Maxitruffa dell’ecobonus: 66 persone denunciate per un raggiro da 12 milioni
Intascavano i soldi dei finanziamenti ma i lavori di ristrutturazione non venivano mai eseguiti. Gli era bastato creare società ad hoc per poter avere gli ecobonus: le intestavano a prestanome compiacenti ogni volta diversi per evitare di essere scoperti. Ma la Guardia di finanza è riuscita a risalire ai quattro ideatori del gigantesco raggiro da 12 milioni di euro: si tratta di quattro persone ora accusate di truffa aggravata per il conseguimento di erogazioni pubbliche e di riciclaggio. Ma i soggetti coinvolti a vario titolo e segnalati alla procura di Ivrea che coordina le indagini sono in tutto 66: tra loro ci sono i rappresentanti legali di alcune società formalmente operanti nel settore edilizio, ma che di fatto erano inesistenti, e 62 prestanome. Le “teste di legno” venivano reclutate da un dipendente dell’ufficio postale di Venaria Reale: affibbiava loro il nome della società fittizia e non operativa e i rapporti di conto corrente su cui far confluire i finanziamenti. Sono 5 le misure cautelari emesse dal gip (2 in carcere, 2 ai domiciliari, per uno c’è l’obbligo di dimora) ed è stato attuato un provvedimento di sequestro per oltre 12 milioni di euro, con snideresti l’ammontare della truffa.

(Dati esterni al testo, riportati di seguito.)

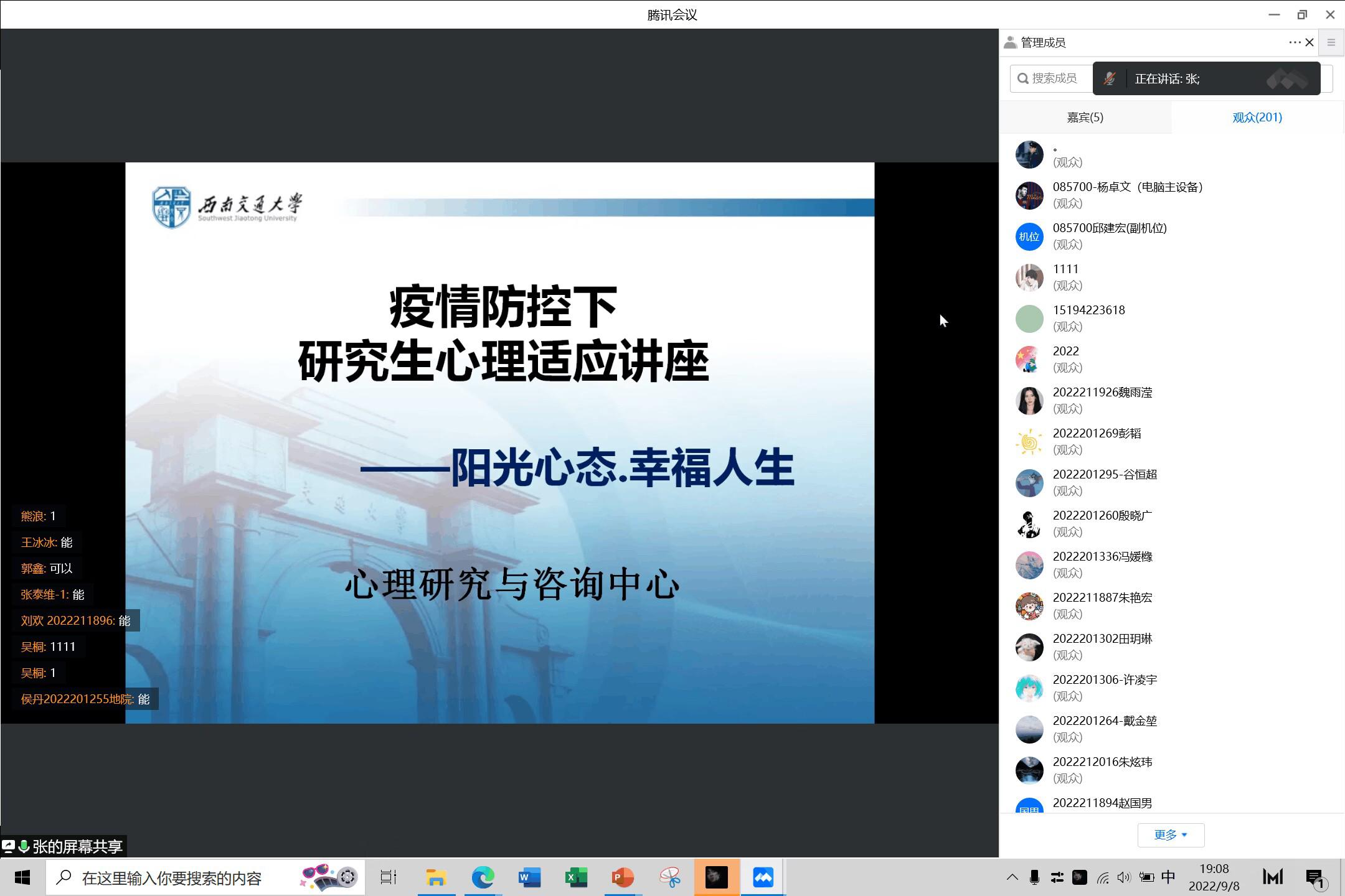 为做好研究生新生心理健康教育工作,帮助全体研究生新生关注自身心理健康和心灵成长,提高心理调节能力,2022年9月8日晚上19:00,BEATS通过腾讯会议举办了以“阳光心态,幸福人生”为主题的心理健康教育讲座。此次讲座由心理研究与咨询中心的张涛老师主讲,2022级研究生辅导员崔宇龙老师主持,分管公司心理工作的史可心老师和2022级全体研究生新生参加。

L’indagine è stata condotta dal 1° Nucleo Operativo Metropolitano di Torino ed è partita da una denuncia presentata dall’Ufficio Antifrode di Poste Italiane che avanzava sospetti su operazioni fraudolente di alcune società che, ricorrendo ai “prestanome”, avevano illecitamente fruito della cessione dei crediti fiscali in materia di ristrutturazioni e riqualificazioni edilizie (gli “Ecobonus” appunto).
Le Fiamme Gialle hanno quindi ricostruito i meccanismi della truffa che era finalizzata alla commercializzazione e alla successiva monetizzazione di crediti d’imposta fittizi per un valore complessivo di oltre 12,5 milioni di euro.
I prestanome, utilizzando le credenziali di accesso ai conti correnti delle neo-costituite società, richiedevano crediti d’imposta fittizi collegati a lavori di ristrutturazione inesistenti per poi cederli a 6 società del nord Italia. Queste, mediante operazioni finanziarie atte a ostacolare la ricostruzione dei flussi monetari, cedevano e monetizzavano i crediti indebitamente conseguiti.